TASK PROMPT -> Below this line are records; transcribe exactly the lines between the one holding "3月26日,在博鳌亚洲论坛2" and the one holding "Vends armoire de", inclusive, and omit the pictures.

PROVIDED DATA ->

╔══

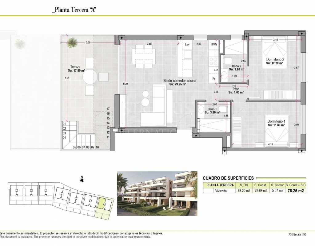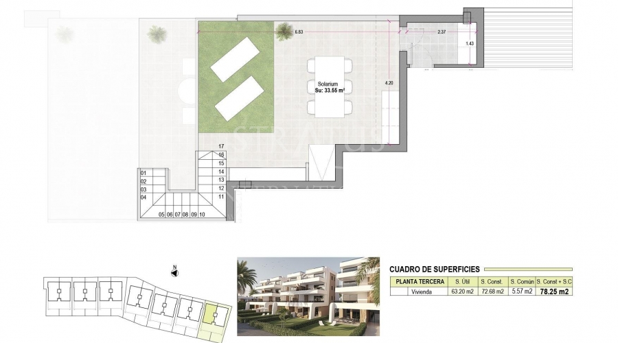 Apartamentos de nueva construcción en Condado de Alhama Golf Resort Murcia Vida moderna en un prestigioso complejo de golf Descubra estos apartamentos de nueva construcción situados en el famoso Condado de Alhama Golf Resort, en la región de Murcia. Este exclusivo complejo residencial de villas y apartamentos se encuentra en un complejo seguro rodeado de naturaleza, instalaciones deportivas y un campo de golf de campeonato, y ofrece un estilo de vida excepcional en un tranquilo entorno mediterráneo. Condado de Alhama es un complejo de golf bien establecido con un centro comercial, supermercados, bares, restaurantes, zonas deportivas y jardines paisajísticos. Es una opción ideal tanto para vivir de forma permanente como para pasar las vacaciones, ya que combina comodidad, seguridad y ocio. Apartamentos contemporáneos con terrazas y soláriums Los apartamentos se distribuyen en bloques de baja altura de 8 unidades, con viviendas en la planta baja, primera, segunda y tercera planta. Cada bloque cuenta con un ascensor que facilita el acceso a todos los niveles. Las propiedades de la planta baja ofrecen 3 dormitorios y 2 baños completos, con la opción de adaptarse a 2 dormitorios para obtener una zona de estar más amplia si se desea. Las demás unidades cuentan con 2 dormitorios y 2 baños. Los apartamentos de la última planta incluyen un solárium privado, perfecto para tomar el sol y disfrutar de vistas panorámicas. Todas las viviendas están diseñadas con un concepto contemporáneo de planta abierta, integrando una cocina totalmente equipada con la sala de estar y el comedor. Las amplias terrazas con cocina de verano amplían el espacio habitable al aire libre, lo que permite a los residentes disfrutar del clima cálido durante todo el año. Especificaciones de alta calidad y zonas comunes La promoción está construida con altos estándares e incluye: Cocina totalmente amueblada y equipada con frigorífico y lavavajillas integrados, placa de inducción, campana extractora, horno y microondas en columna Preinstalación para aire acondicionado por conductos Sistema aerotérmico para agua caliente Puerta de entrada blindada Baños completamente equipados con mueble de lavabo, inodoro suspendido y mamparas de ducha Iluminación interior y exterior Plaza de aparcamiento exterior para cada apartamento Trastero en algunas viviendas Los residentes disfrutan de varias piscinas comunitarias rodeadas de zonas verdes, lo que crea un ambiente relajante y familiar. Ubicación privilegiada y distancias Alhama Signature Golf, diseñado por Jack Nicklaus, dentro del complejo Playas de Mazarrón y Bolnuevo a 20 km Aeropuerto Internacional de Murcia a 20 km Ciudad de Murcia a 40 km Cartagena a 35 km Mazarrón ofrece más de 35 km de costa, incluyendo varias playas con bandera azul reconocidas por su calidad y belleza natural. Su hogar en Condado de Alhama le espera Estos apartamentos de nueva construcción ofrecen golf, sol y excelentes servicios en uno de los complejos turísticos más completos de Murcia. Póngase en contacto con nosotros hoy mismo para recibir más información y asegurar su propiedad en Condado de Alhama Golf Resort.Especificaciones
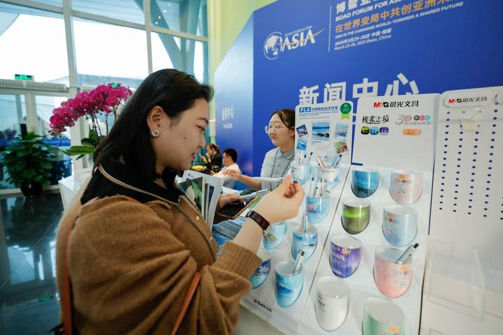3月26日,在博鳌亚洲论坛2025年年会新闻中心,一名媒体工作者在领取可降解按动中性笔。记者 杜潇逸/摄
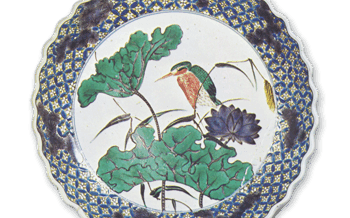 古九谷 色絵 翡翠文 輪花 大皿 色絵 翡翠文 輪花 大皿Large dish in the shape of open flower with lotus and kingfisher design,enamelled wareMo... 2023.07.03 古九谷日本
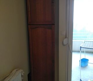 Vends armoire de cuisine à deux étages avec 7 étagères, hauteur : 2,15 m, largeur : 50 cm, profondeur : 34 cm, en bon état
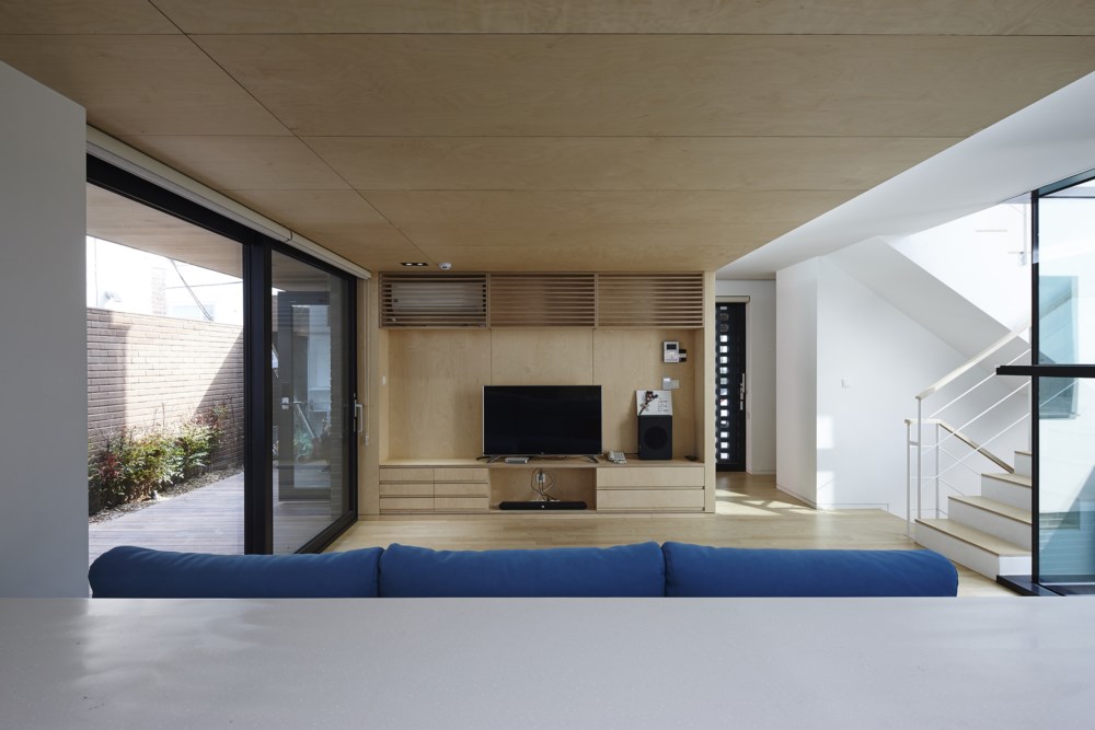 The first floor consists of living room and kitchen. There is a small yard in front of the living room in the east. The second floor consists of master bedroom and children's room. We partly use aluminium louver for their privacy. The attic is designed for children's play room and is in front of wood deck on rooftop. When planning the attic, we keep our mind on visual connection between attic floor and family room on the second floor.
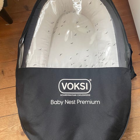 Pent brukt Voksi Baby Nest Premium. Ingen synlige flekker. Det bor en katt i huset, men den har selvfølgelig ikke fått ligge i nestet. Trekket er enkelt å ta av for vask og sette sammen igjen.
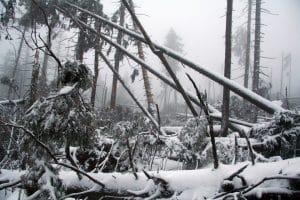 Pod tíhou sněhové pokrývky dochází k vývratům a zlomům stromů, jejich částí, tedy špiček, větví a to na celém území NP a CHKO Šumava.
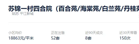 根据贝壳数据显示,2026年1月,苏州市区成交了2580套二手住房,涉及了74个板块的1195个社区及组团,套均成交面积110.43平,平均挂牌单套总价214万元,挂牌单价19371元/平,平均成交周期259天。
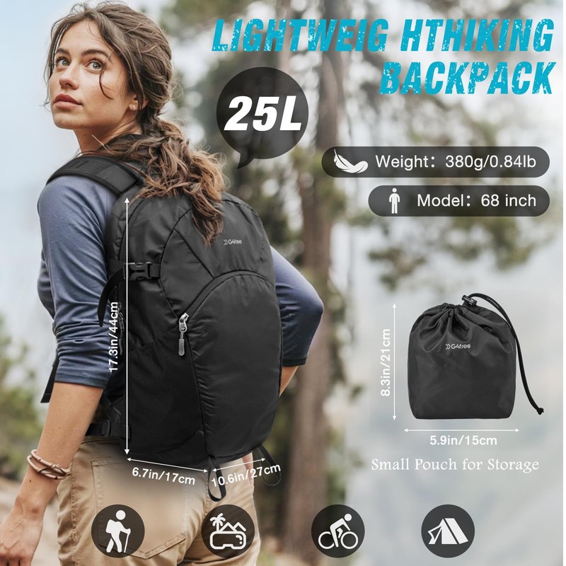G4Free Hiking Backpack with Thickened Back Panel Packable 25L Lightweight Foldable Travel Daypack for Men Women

╚══
╔══

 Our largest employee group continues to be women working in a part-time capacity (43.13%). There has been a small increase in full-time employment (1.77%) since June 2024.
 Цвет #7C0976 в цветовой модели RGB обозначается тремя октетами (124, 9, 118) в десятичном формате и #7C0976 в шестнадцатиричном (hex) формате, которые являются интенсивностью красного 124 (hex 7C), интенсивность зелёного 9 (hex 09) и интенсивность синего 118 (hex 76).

╚══

RESPONSE AREA ->
3月26日,在博鳌亚洲论坛2025年年会新闻中心,一名媒体工作者在领取可降解按动中性笔。记者 杜潇逸/摄
 古九谷 色絵 翡翠文 輪花 大皿 色絵 翡翠文 輪花 大皿Large dish in the shape of open flower with lotus and kingfisher design,enamelled wareMo... 2023.07.03 古九谷日本
 Vends armoire de cuisine à deux étages avec 7 étagères, hauteur : 2,15 m, largeur : 50 cm, profondeur : 34 cm, en bon état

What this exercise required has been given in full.